INSTRUCTIONS FOR THE TASK
Wherever pictures appear in the listing below, leave them out, and copy exactly, and only, everything from the line with "11月6日,长春财经学院校长" down to the line with "Our partners at".
++++ PROVIDED RECORDS ++++
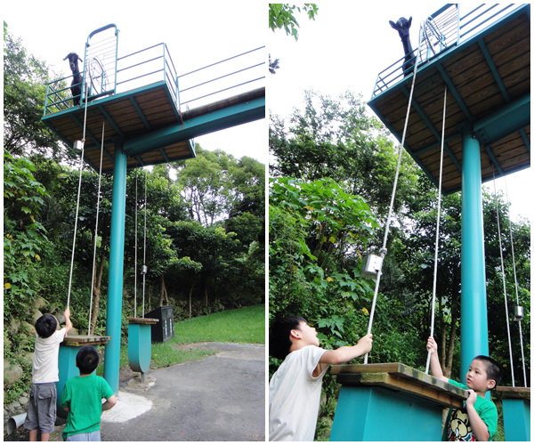 有個餵法很有趣,要把飼料放在鐵杯裏,然後拉上去給天橋上的小羊吃,這隻訓練有素的
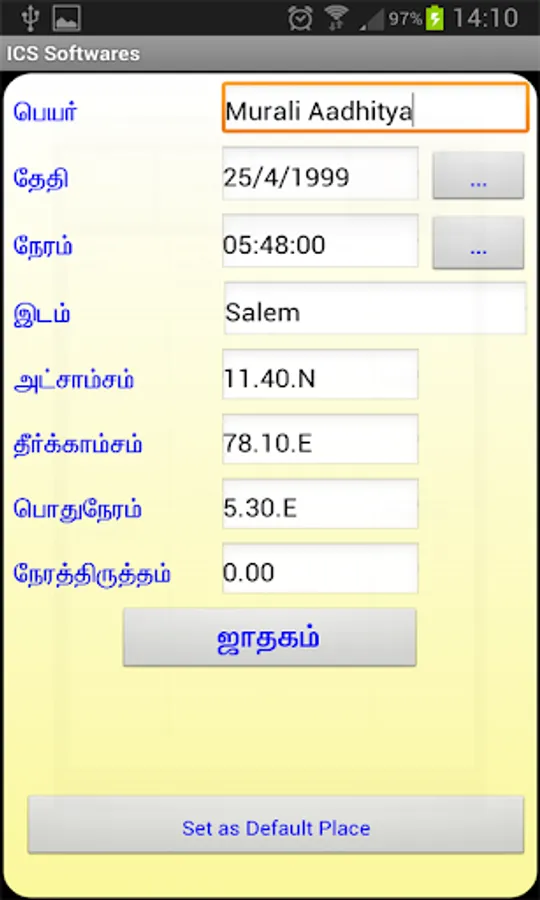 Based on Thirukanidha Panchangam, We can calculate Horoscope in Tamil with full details of Astrological Calculations.
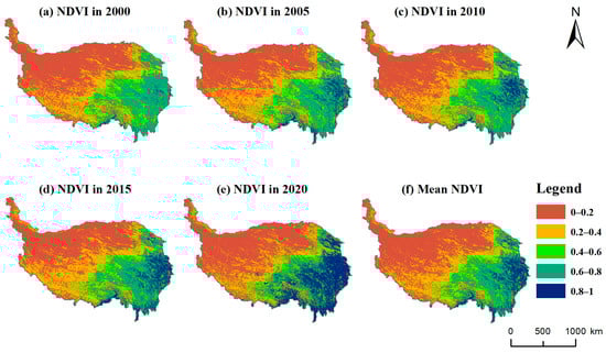 The overall trend of the NDVI in the TP region has fluctuated and increased during the past 21 years, with a range of 0.321–0.388, a mean value of 0.349 (Figure 4a), and an overall growth rate of 0.0027 a−1. The evolution of the NDVI was characterized by phases in the TP, which could be divided into three phases: the rising phase (2000–2010, with a growth rate of 0.0135 a−1), the falling phase (2010–2015, with a decline rate of −0.0028 a−1), and the rising phase (2015–2020, with a growth rate of 0.0432 a−1). The spatial distribution of the NDVI varied significantly in different years, displaying a gradually increasing trend from northwest to southeast (Figure 5), and the distribution pattern was relatively stable in the TP.
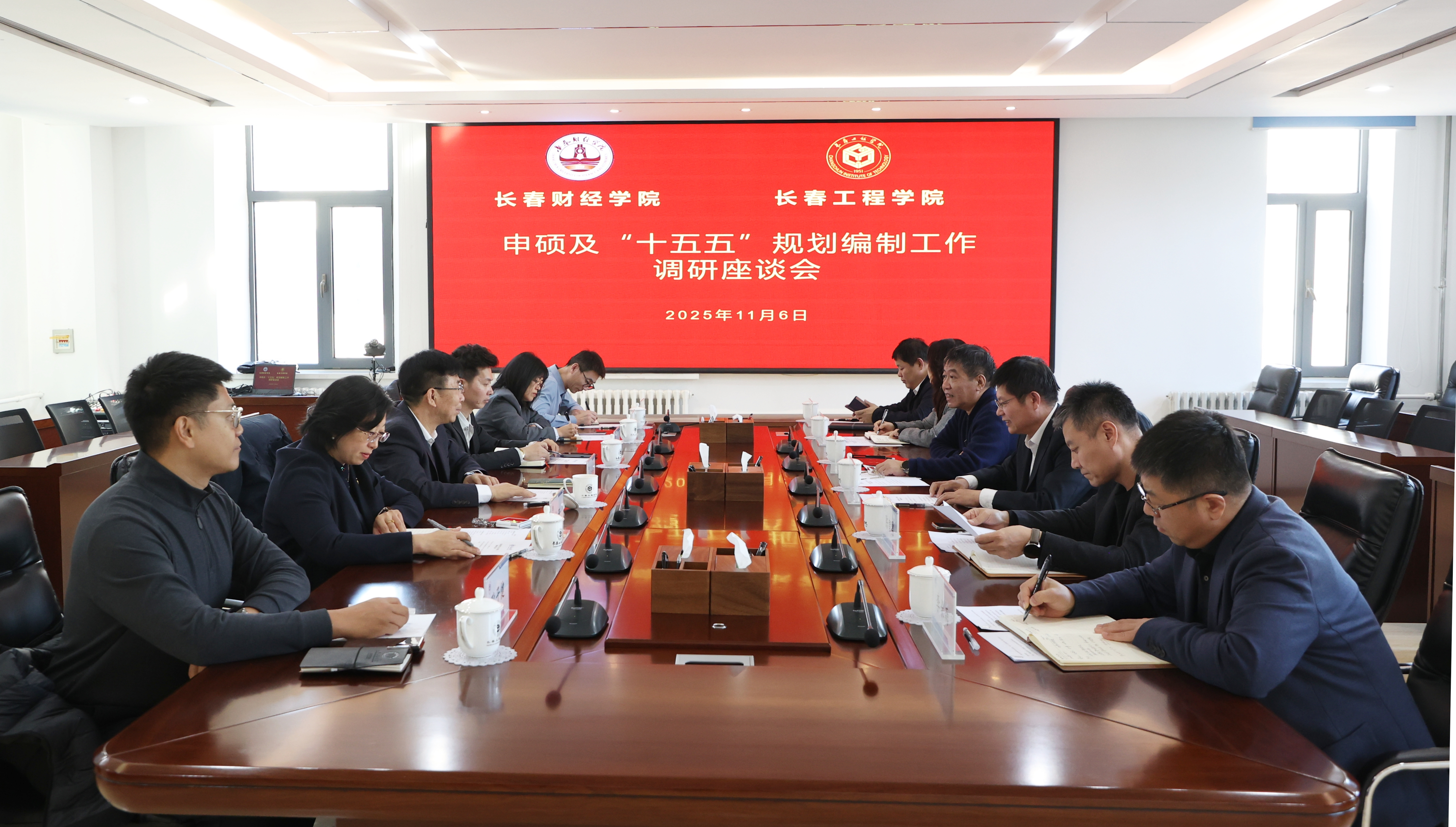 11月6日,长春财经学院校长孙长智一行来我校进行调研,调研座谈会围绕硕士学位授予单位申报及“十五五”发展规划编制工作开展。校长金光勇出席会议,副校长尹志刚主持座谈。
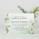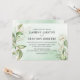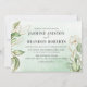 Convites de casamento de eucalipto trendy com um fundo de lavagem de aquarela verde chic, folhagem botânica verde exuberante elegante, detalhes em dourado e um modelo de texto de casamento moderno que é fácil de personalizar.
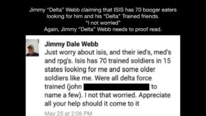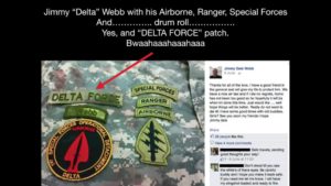 Our partners at Guardians of the Green Beret shared their work on this goofball, Jimmy “Delta” Webb who claimed to be a special forces “Delta” operator;
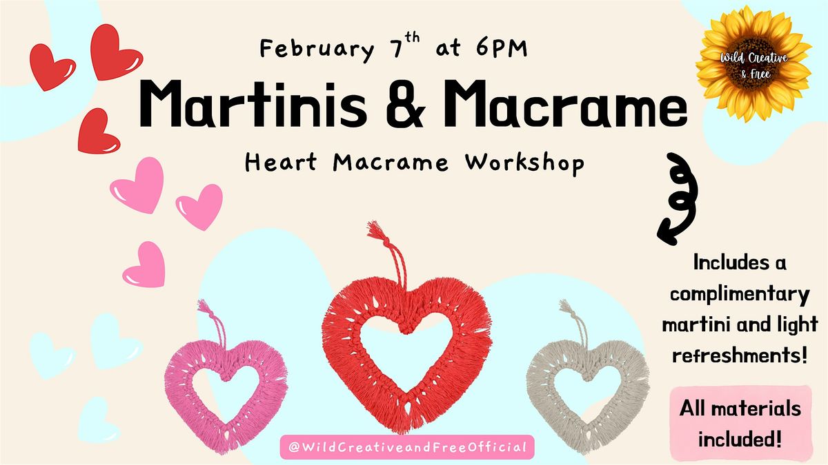 Come join us for a fun-filled evening of macrame and martinis at our Valentine's Day Edition workshop! Let's get crafty and create beautiful heart-shaped macrame designs while sipping on delicious martinis. No experience necessary - our talented instructors will guide you every step of the way. It's the perfect way to celebrate the season of love with friends or a special someone. Don't miss out on this unique and creative event!
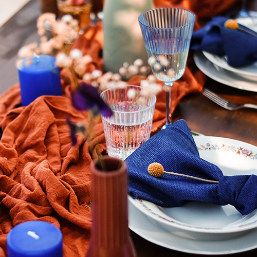 If you want your day to be truly royal, cobalt blue is a really good choice for you. Unlike traditional soft shades, it immediately catches the eye and can give your special day an extraordinary character without being ostentatious. You can use it not only for bridesmaids' dresses, but also in details that will brighten up the entire space, from flowers and napkins to wedding stationery.
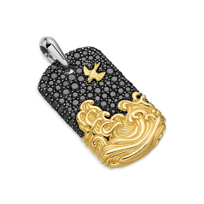Waves Tag in Sterling Silver with 18K Yellow Gold and Black Diamonds, 39mm | Leonardo's Jewelers
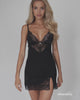 Der V-Ausschnitt zieht sofort die Blicke auf sich; seine Intensität ist darauf ausgelegt, die Aufmerksamkeit zu fesseln. Die Kanten sind mit Spitze eingefasst, die sich auch am Saum des Nachthemdes wiederfindet.
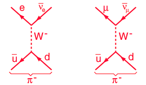 The charged vertices in the weak interaction with quarks take the form ![]() So it is seen that the quark changes its flavor when interacting via the W- or W+. As drawn, this interaction cannot be observed because it implies the isolation of an up quark. Because of quark confinement, isolated quarks are not observed. But rotating the Feynman diagram gives an alternative interaction, shown below for both electron and muon products. ![]() This suggests the weak interaction mechanism for the decay of the pion, which is observed to happen by the muon pathway. ![]() The weak interaction in the electron form at left above is responsible for the decay of the neutron and for beta decay in general.
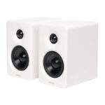 Deși boxele Edifier M60 sunt concepute în principal pentru performanță, designul lor elegant nu poate fi trecut cu vederea. Cu o carcasă minimalistă și dimensiuni compacte (doar 100 × 168 × 147 mm), boxele se potrivesc în orice spațiu, adăugând un plus de stil. Pachetul include și suporturi din aluminiu, cu un unghi de înclinare de 15 grade, care direcționează sunetul perfect la nivelul urechilor, reducând reflexiile de pe suprafața biroului.
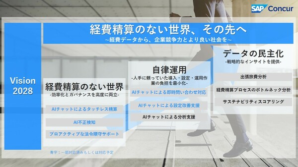 写真1:コンカー 代表取締役社長のの橋本祥生氏そんな同社が掲げる新ビジョン「Vision2028」では、(1)自動化や効率化による経費精算のない世界の実現に加えて、(2)サービスの設定や運用の自律化、(3)戦略的な洞察を得るためのデータの民主化、の3点に注力している(図1)。
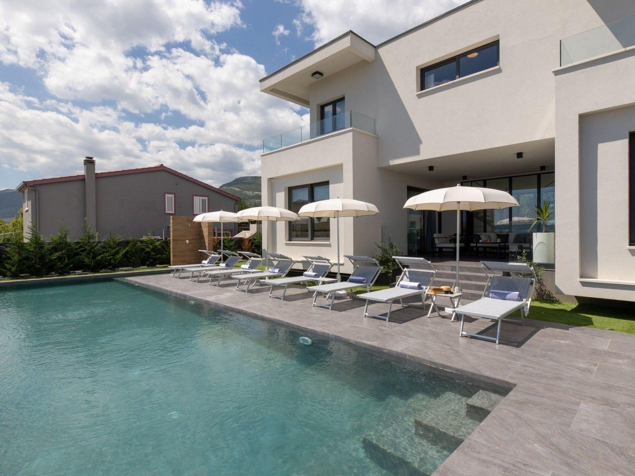 This luxury villa is situated in a peaceful area just 1.8 kilometers from the sea.
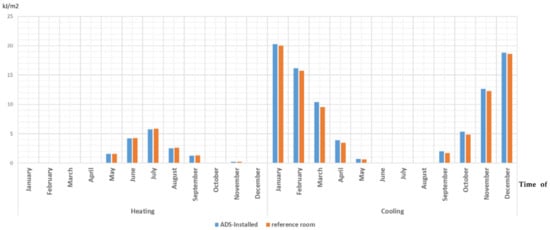 The application of the ADS in the southern hemisphere improves daylighting performance significantly without any influence on the air temperature [], since in tropical and subtropical regions, the highest sky luminances are usually within the sky zenithal area []. Sydney, NSW, is located in latitudes where natural luminous conditions throughout the year are of high solar radiation. Because of the dominant contribution of the cooling load to energy usage in the Sydney climate, which receives high-intensity solar radiation, studying the effect of the ADS on space cooling is essential.
++++
TASK RESPONSE
 11月6日,长春财经学院校长孙长智一行来我校进行调研,调研座谈会围绕硕士学位授予单位申报及“十五五”发展规划编制工作开展。校长金光勇出席会议,副校长尹志刚主持座谈。
 Convites de casamento de eucalipto trendy com um fundo de lavagem de aquarela verde chic, folhagem botânica verde exuberante elegante, detalhes em dourado e um modelo de texto de casamento moderno que é fácil de personalizar.
 Our partners at Guardians of the Green Beret shared their work on this goofball, Jimmy “Delta” Webb who claimed to be a special forces “Delta” operator;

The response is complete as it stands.